Given records
= = = = =

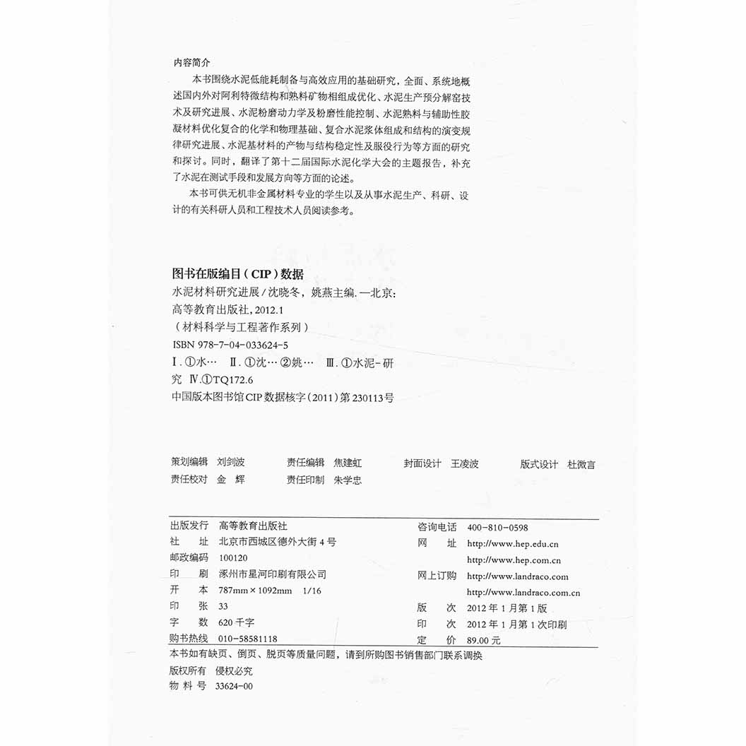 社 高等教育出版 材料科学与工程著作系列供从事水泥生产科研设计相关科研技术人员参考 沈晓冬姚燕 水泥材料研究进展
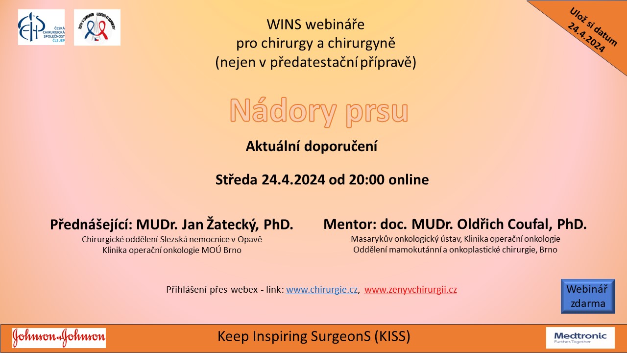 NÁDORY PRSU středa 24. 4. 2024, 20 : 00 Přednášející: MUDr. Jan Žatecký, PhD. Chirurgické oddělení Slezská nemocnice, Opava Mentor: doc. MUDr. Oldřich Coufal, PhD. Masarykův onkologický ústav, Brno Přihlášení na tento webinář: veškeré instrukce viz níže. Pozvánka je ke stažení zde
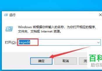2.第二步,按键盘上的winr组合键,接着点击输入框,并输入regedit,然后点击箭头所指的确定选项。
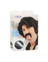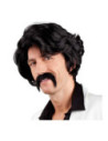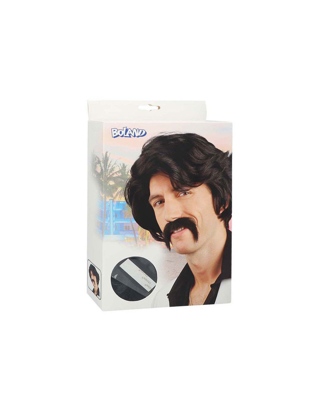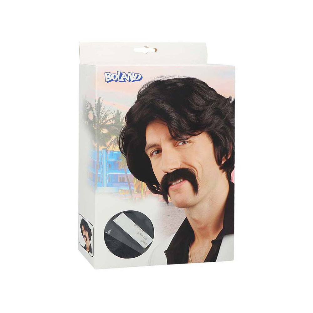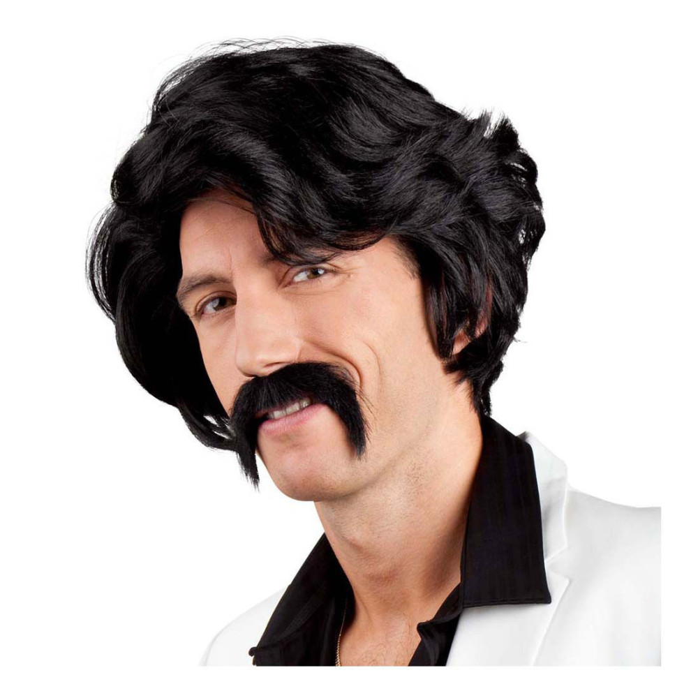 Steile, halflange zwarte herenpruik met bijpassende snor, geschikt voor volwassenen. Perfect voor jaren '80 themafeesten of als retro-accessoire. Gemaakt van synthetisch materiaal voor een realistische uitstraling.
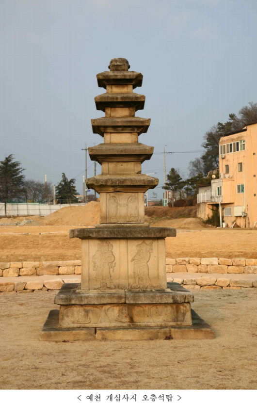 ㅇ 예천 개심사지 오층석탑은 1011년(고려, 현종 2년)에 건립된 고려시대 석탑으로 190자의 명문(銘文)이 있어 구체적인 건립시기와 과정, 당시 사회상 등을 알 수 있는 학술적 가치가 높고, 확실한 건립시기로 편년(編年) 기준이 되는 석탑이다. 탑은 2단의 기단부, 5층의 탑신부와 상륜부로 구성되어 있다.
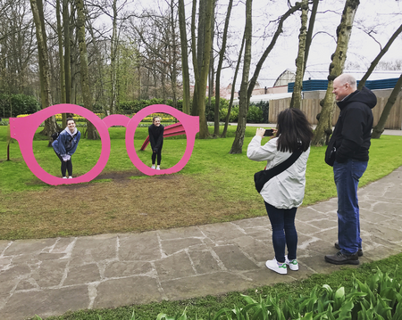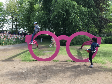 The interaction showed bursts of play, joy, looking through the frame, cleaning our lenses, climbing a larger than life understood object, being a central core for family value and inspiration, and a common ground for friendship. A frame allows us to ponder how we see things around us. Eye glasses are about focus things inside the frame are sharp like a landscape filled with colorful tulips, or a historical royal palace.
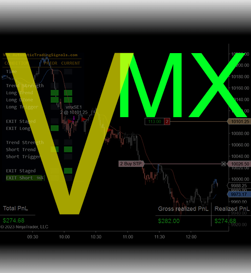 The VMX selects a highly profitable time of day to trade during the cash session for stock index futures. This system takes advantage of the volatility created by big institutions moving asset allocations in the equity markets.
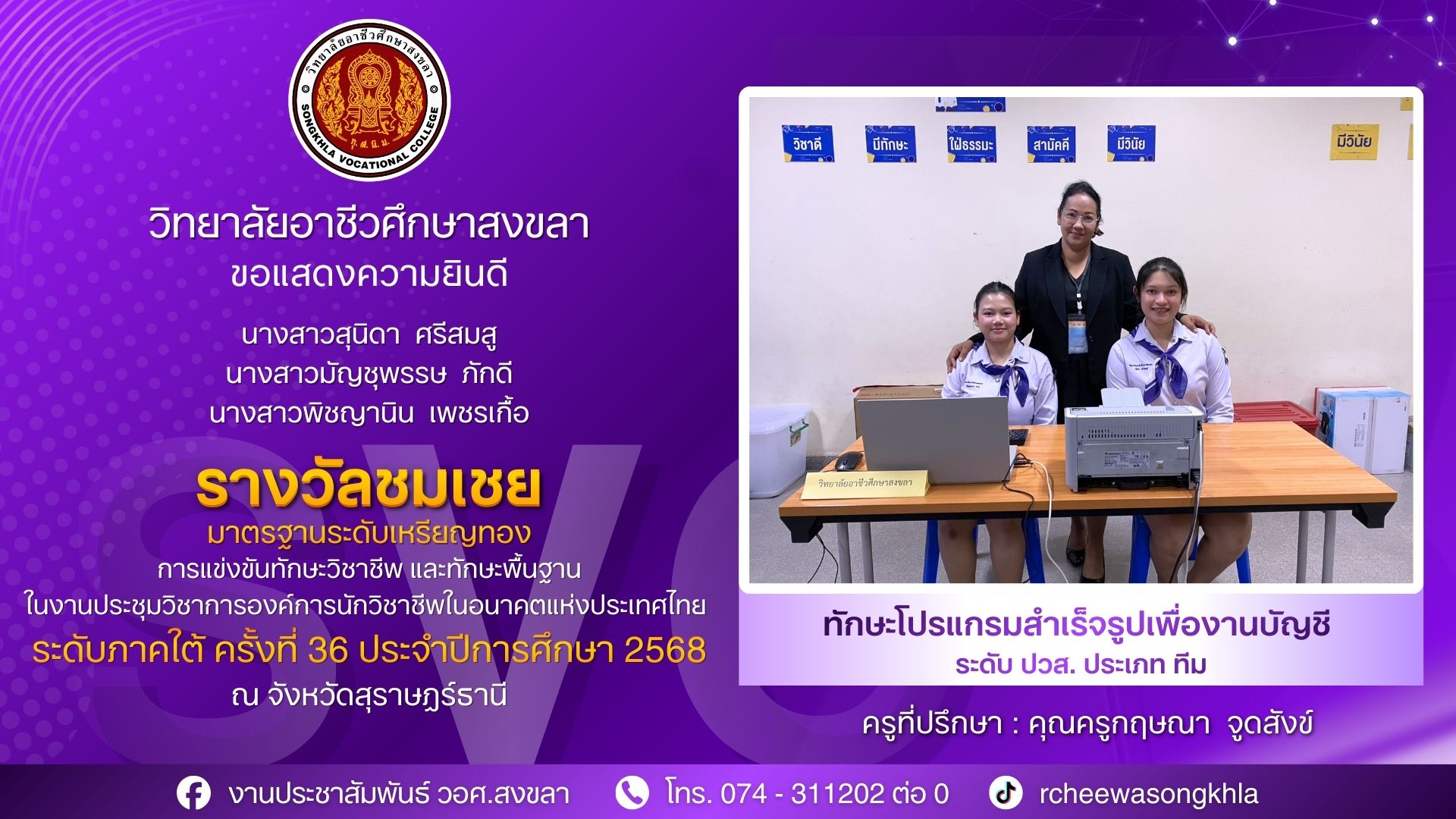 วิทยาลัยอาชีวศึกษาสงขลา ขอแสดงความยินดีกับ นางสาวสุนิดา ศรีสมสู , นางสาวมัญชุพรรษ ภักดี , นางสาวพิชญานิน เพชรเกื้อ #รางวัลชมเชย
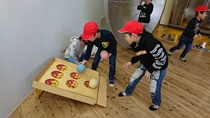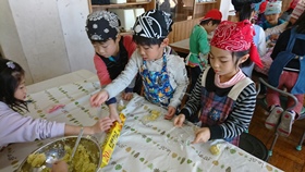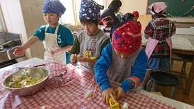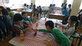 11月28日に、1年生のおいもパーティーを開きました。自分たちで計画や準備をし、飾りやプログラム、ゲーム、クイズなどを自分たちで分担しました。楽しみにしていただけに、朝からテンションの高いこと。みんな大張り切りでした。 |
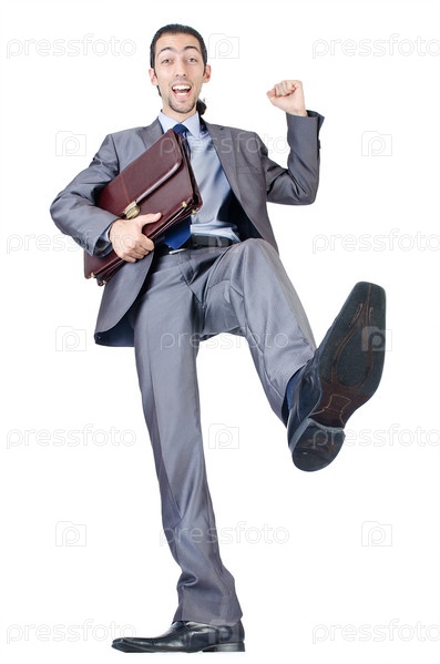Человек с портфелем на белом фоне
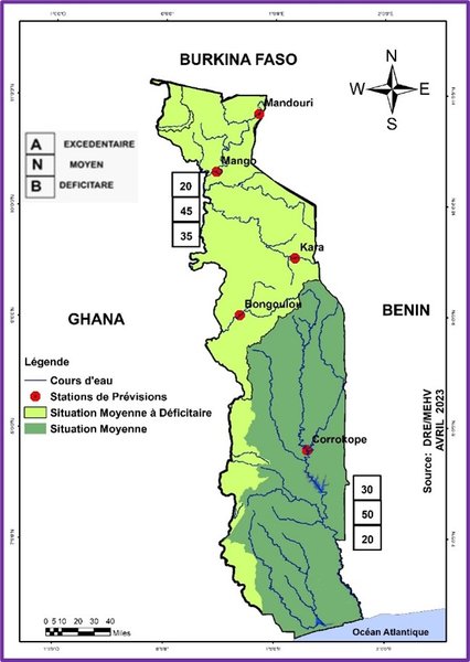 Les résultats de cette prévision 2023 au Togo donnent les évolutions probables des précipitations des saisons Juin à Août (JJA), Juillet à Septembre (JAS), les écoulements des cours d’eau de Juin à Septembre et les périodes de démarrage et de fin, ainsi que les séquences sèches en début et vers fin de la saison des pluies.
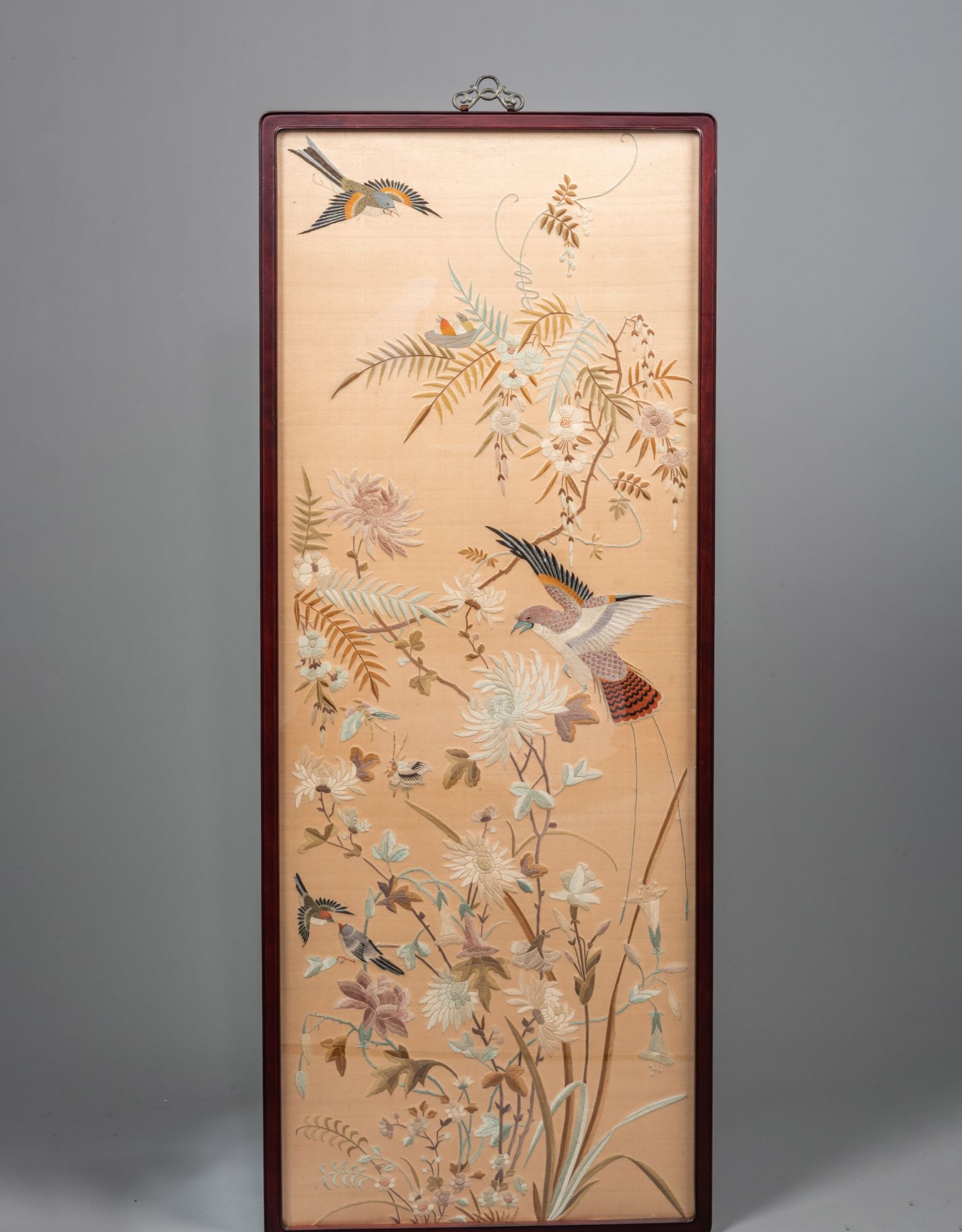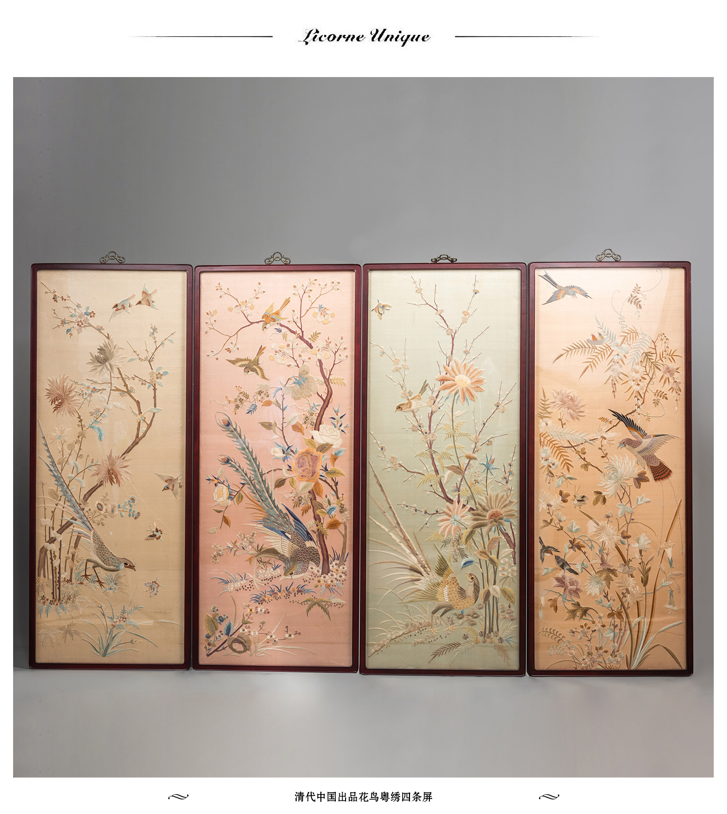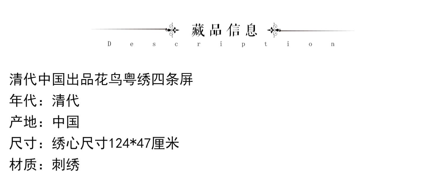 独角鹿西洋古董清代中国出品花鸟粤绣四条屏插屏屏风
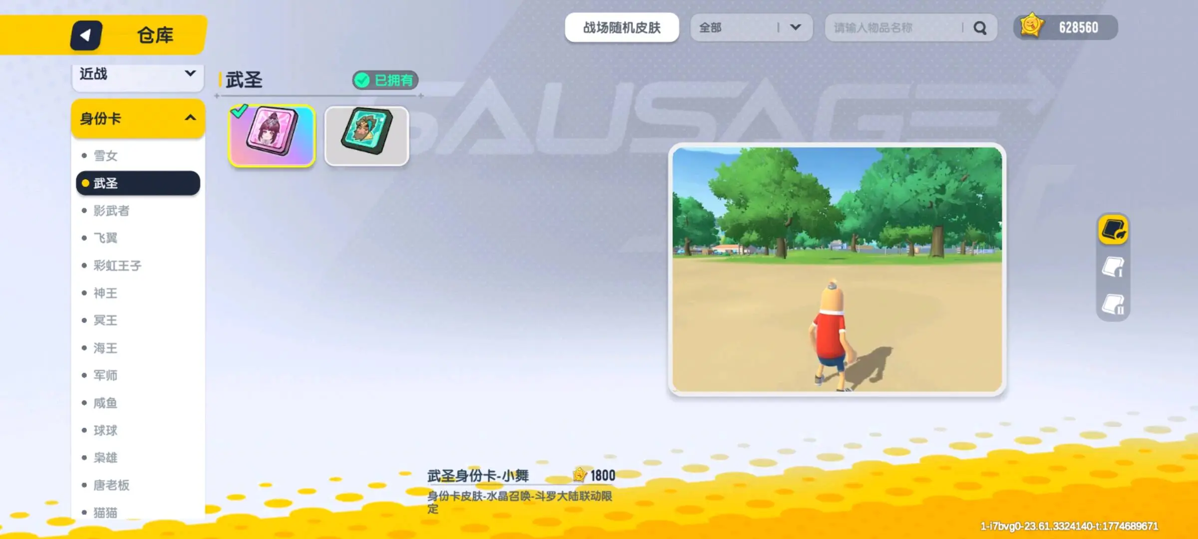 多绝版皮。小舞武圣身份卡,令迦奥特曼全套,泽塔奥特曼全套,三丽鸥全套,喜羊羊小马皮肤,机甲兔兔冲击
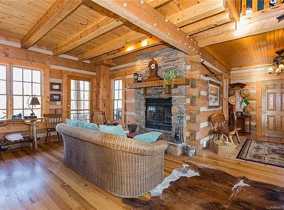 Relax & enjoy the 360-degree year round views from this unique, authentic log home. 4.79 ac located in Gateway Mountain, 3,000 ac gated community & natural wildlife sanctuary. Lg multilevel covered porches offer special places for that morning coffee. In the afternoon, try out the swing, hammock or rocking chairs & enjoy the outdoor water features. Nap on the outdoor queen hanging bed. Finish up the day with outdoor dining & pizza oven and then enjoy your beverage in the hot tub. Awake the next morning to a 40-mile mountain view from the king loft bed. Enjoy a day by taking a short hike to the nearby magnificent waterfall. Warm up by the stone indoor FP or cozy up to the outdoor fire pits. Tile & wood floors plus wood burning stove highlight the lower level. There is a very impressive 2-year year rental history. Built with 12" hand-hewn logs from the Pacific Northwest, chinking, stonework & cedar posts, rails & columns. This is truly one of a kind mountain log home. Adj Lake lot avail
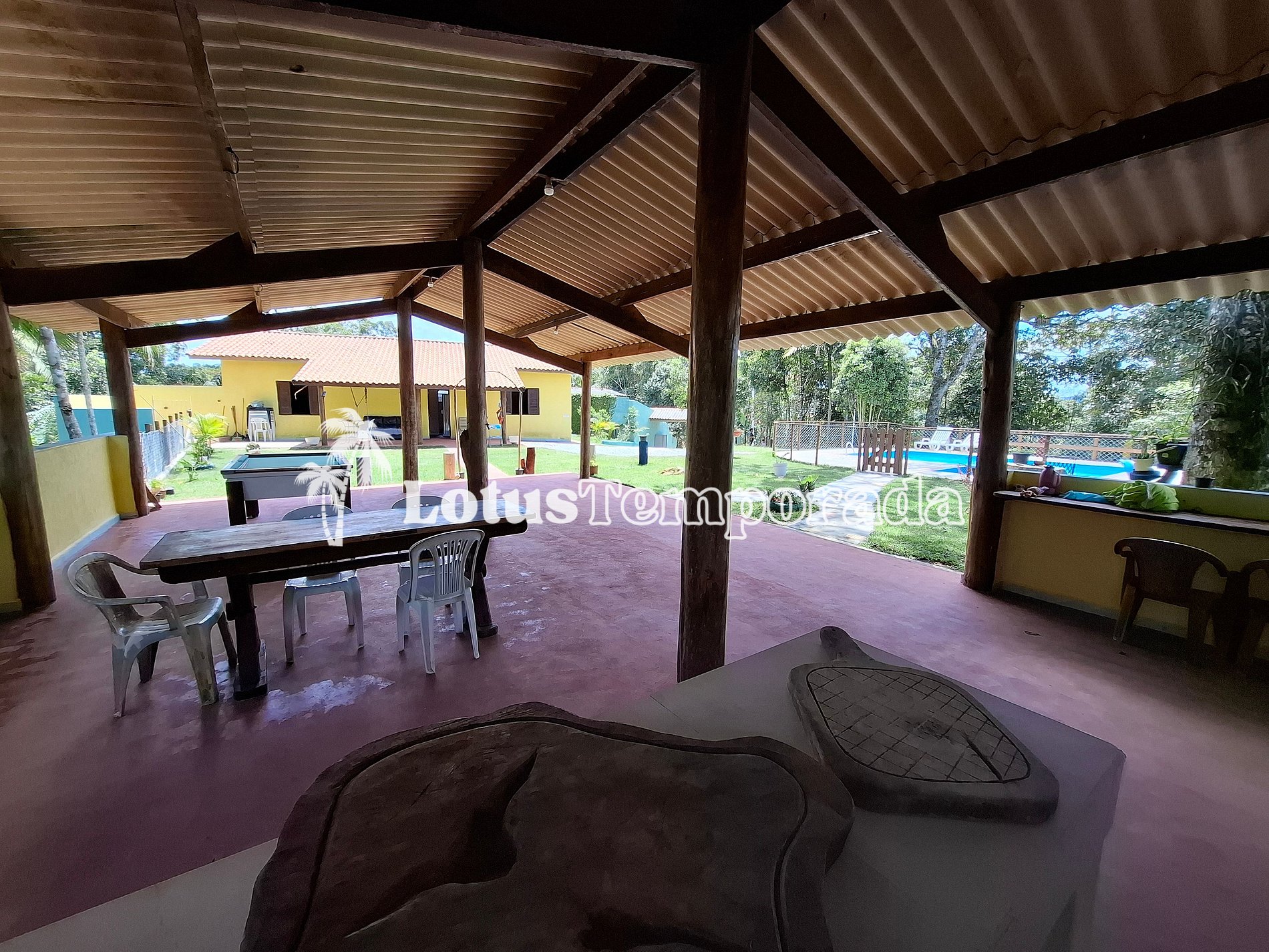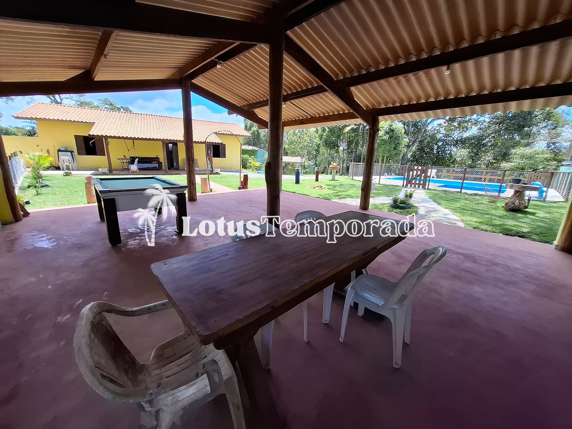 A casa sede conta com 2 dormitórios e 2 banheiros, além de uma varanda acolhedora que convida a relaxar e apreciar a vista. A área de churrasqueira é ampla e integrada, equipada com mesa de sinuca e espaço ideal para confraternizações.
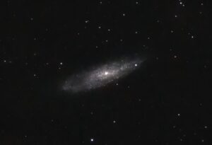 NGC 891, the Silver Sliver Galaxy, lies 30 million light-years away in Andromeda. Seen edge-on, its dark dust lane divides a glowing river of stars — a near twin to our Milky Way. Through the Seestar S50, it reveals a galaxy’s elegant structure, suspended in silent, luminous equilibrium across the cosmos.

= = = = =

The problem
Would you please repeat only the lines above, beginning at the one that has "วิทยาลัยอาชีวศึกษาสงขลา ขอแสดงความยินดีกับ นางสาวสุนิดา" and stopping after the one that has "Человек с портфелем на белом фоне", exactly and with no pictures?

Result of this exercise
 วิทยาลัยอาชีวศึกษาสงขลา ขอแสดงความยินดีกับ นางสาวสุนิดา ศรีสมสู , นางสาวมัญชุพรรษ ภักดี , นางสาวพิชญานิน เพชรเกื้อ #รางวัลชมเชย
 11月28日に、1年生のおいもパーティーを開きました。自分たちで計画や準備をし、飾りやプログラム、ゲーム、クイズなどを自分たちで分担しました。楽しみにしていただけに、朝からテンションの高いこと。みんな大張り切りでした。 |
Человек с портфелем на белом фоне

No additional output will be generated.